The rest of the outfit is, sadly, voluntary.
A majority of the people that did show up were of the same variety that you’d see, well, anywhere. If it had been my goal to prove that the only people that go to gun ranges are contentious dickheads, I would’ve left the building tearing my notebook apart and crying. They were well-mannered, and, for the most part, reserved. I couldn’t find people that were cockily trying to throw their weight around and be combative at gun ranges. And that leads me to my next point …

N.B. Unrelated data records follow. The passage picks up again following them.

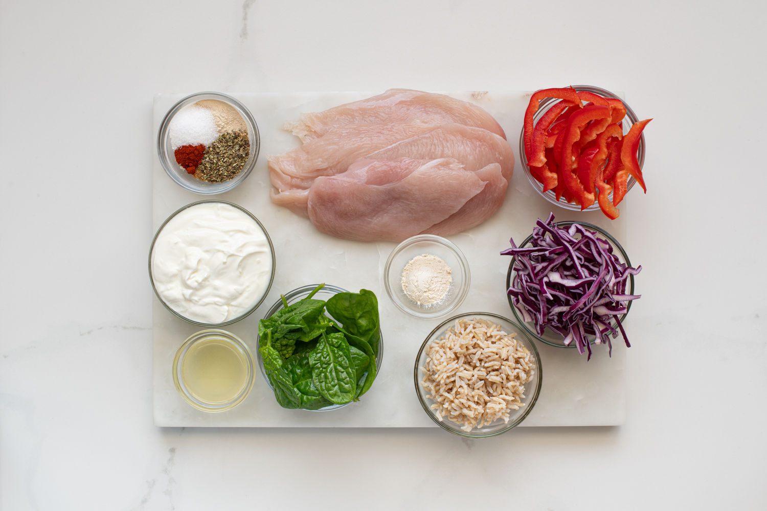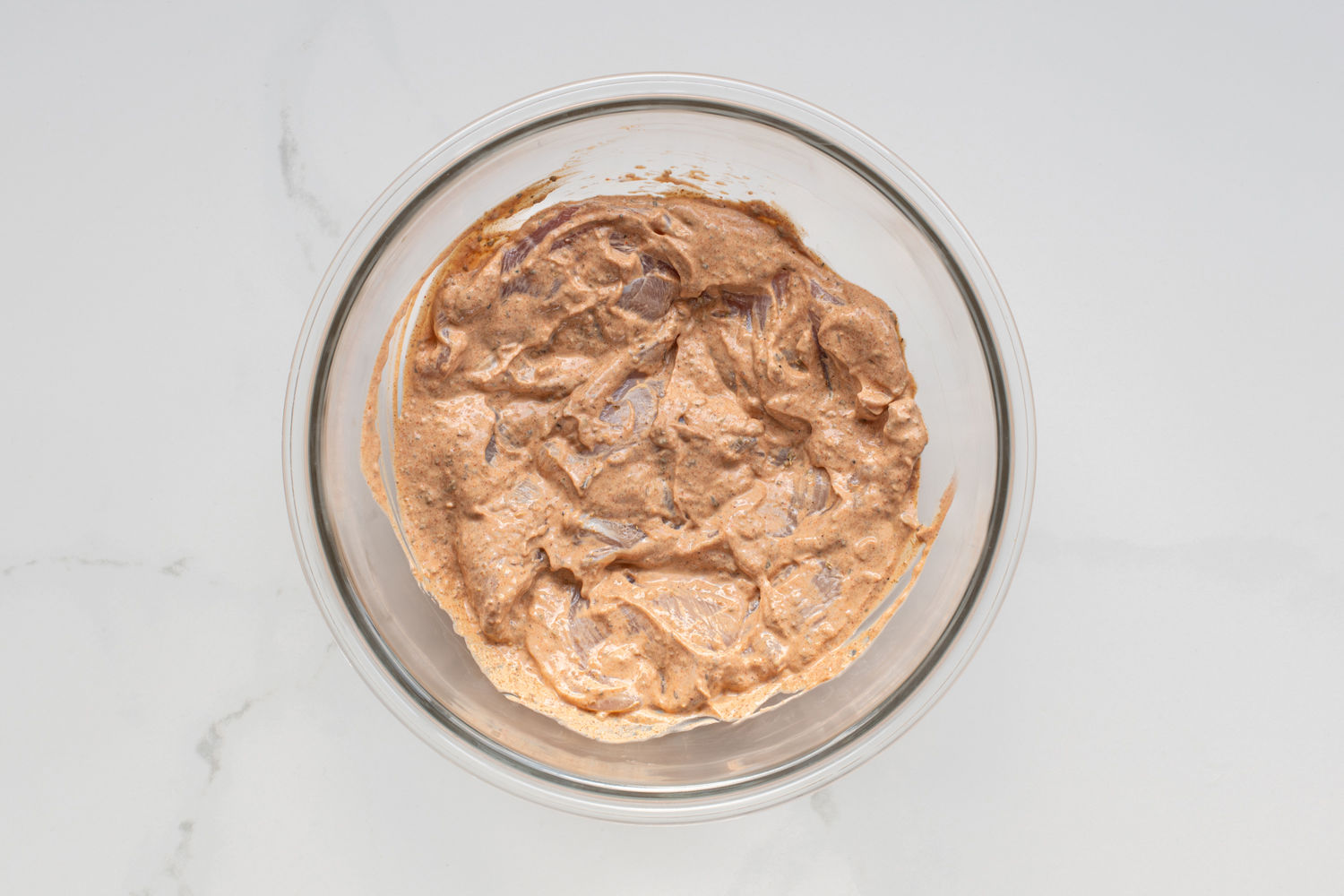 To marinade the chicken, whisk together the cumin, paprika, coriander, garlic powder, dried oregano, garlic powder and salt. Add the yoghurt and lemon juice and stir to combine.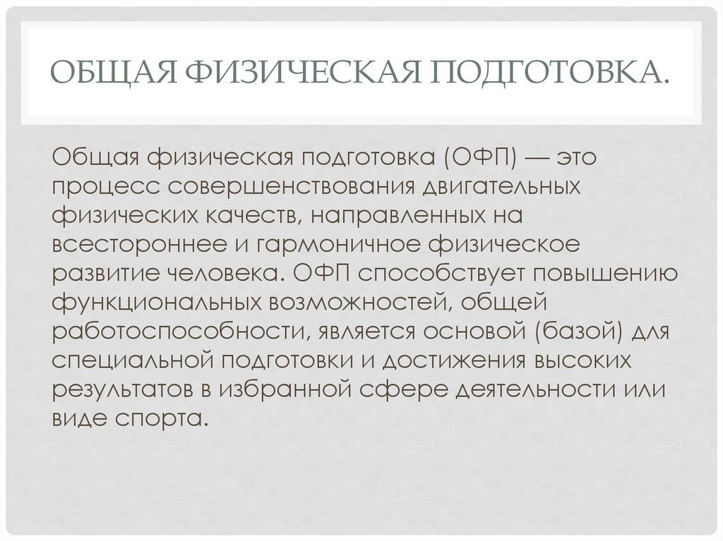 ОБЩАЯ ФИЗИЧЕСКАЯ ПОДГОТОВКА.Общая физическая подготовка (ОФП) — это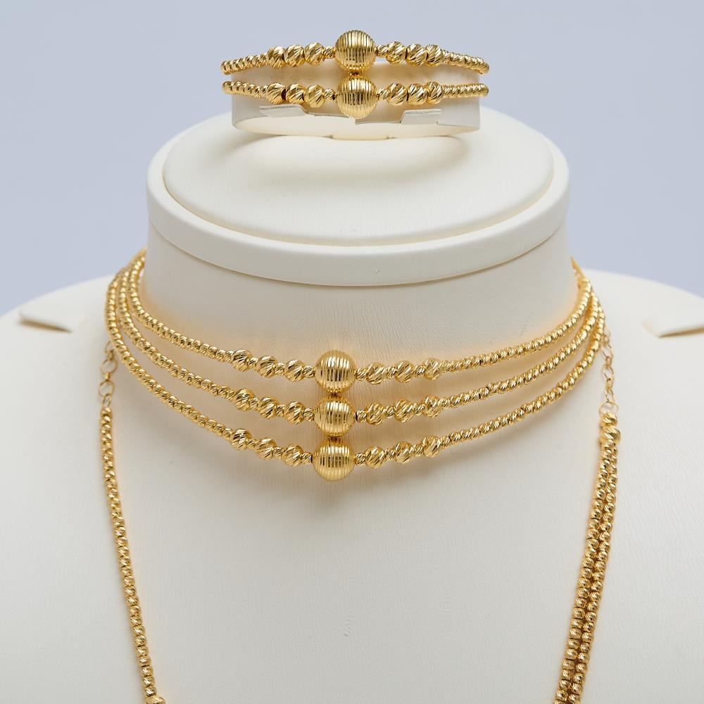 مجوهرات صوغ توفر لك أجمل إطلالة ملكية مع طقم ذهب فاخر تصميم دوريكا عيار 21 قيراط.. اطلبيه الان وكوني متألقة دائماً.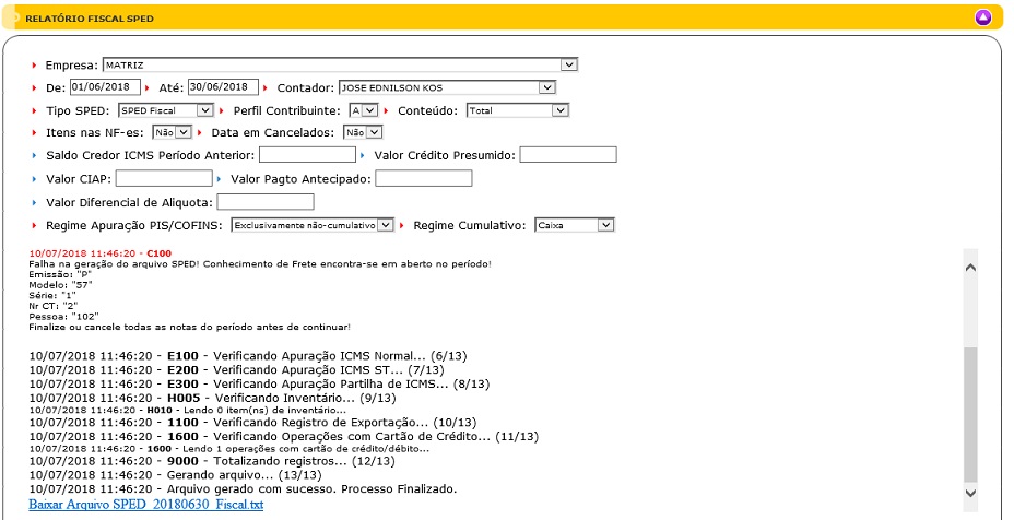 Terá possibilidade de ser gerado o arquivo de texto do SPED clicando no ícone “Gerar Arquivo” do navegador.

#3. You Don’t Get Made Fun Of If You Don’t Know A Lot About Guns
I like shooting guns. Not because they make me feel more powerful, nor do I have some Death Wish fantasy about being armed when shit goes down and having to ask, “What?” because I can’t hear the women saying, “Thank you for saving me!” through all the blowjobs they’d be giving me. I like gun ranges because shooting in them is a sport for me. I can practice aiming all day and never once do I think, “And if a robber came in, that would be the crater in his head. What’s that, honey? ‘Mmffffmmfbbb?’ Yes. I could out-wrestle a trained Marine.”
I went shooting quite a few times as a kid, because why have hundreds of acres of land if you’re not going to fill it with spent cartridges? But those excursions had always been with older, smarter people, who were ready to call me out if I mistook the gun for a walking stick or something. I hadn’t fired a gun for two years when I stepped into my first gun range, so I needed to ask a few questions, like, “If you want to see what’s inside, do you bash it open with a rock, pinata-style, or do they all crack open in the middle like they do in that John Wayne movie?” And, “If I hold it sideways, will I gain more respect?” It’s hard to realize how much you don’t know when you’ve always had your dad there to tell you, “If you accidentally point the gun at someone, you might accidentally kill them. And that would kinda defeat the point of going on a mountain vacation this Thanksgiving.”
If you do shoot, shoot to kill. Death is still preferable to hospital turkey.
Luckily, the people working there were not above telling me the most rudimentary things when it came to renting and shooting a new weapon. There was no snickering because the boy in the horror movie shirt looked at an automatic with the same expression as when he had to unhook a bra for the first time. I wasn’t expected to know everything when I stepped into the store. And that, aside from learning that I wasn’t the worst shot ever, was the most refreshing part about visiting multiple gun ranges. No one lorded their superiority over me. I’m sure that there are some gun ranges where people are treated terribly, but I had a worse time when I tried to join my town’s local Dungeons & Dragons group and was met with a reception of annoyed grunts and Dungeon Master-induced spike traps.